Phase 4 — Week 4–6: Management-Body Accountability (Article 20)
Article 20 is the article that makes NIS2 different from its predecessor: management-body members are personally accountable for the entity’s compliance, including potential personal sanctions. Concrete steps:- Identify the accountable member — typically the CEO, CIO, or designated board member. Document the name and role in Settings → Organization → Compliance Roles
- Publish the InfoSec policy with their sign-off — the policy approval is recorded in the audit trail with their name and timestamp
- Brief them annually — provide a NIS2 cyber-risk briefing to the management body at least once per year. Matproof’s framework dashboard supports this — export the dashboard PDF for the briefing pack
- Document training they’ve received — Article 20 explicitly says management-body members must follow training to gain knowledge to assess cybersecurity risks. Track this in People → Training
Phase 5 — Week 6–8: Supply-Chain Security (Article 21(2)(d))
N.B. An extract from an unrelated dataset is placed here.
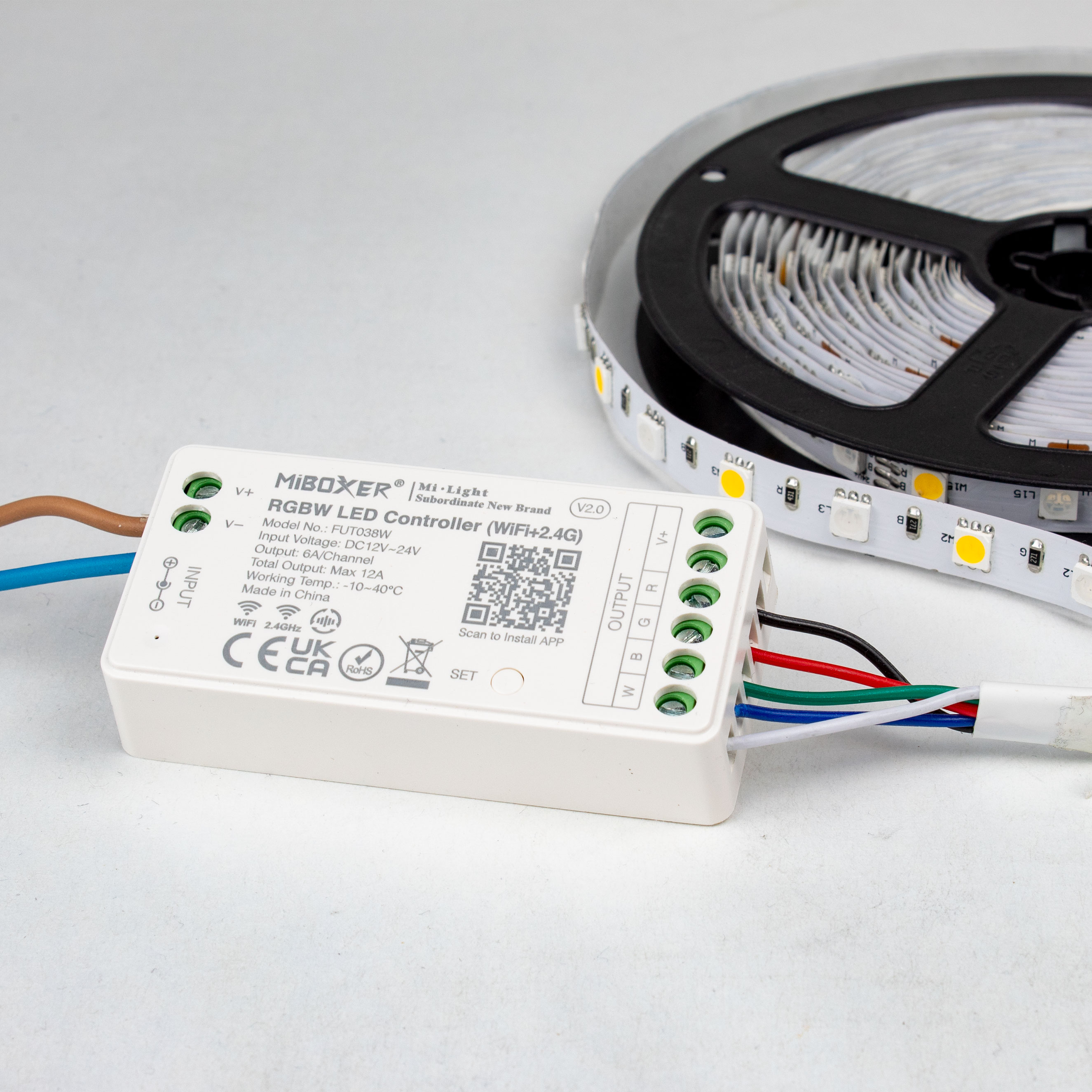 Das LED Set bietet alles, was Du brauchst, um Dein Zuhause oder Büro in ein wahres Lichtermeer zu verwandeln. Es enthält LED Stripes, die in verschiedenen Längen von 5 bis 30 Metern verfügbar sind, um sich perfekt an deine Räumlichkeiten anzupassen. Der passende LED Trafo sorgt für die nötige Stromversorgung, während der WLAN Controller dir die Freiheit gibt, die Lichtfarbe und Helligkeit ganz bequem per App oder mit der praktischen 4-Zonen Fernbedienung zu steuern.

NIS2 requires assessment of “the overall quality and resilience practices of products and services” of every supplier and service provider. In Matproof:- Vendor Risk → Vendors → Import your full supplier list
- Classify each vendor by criticality (Critical / Important / Standard)
- For Critical and Important vendors, run the NIS2 supplier security questionnaire (Questionnaire AI)
- For ICT/security suppliers, additionally:
- Verify their own NIS2 / ISO 27001 / SOC 2 status (request certificates)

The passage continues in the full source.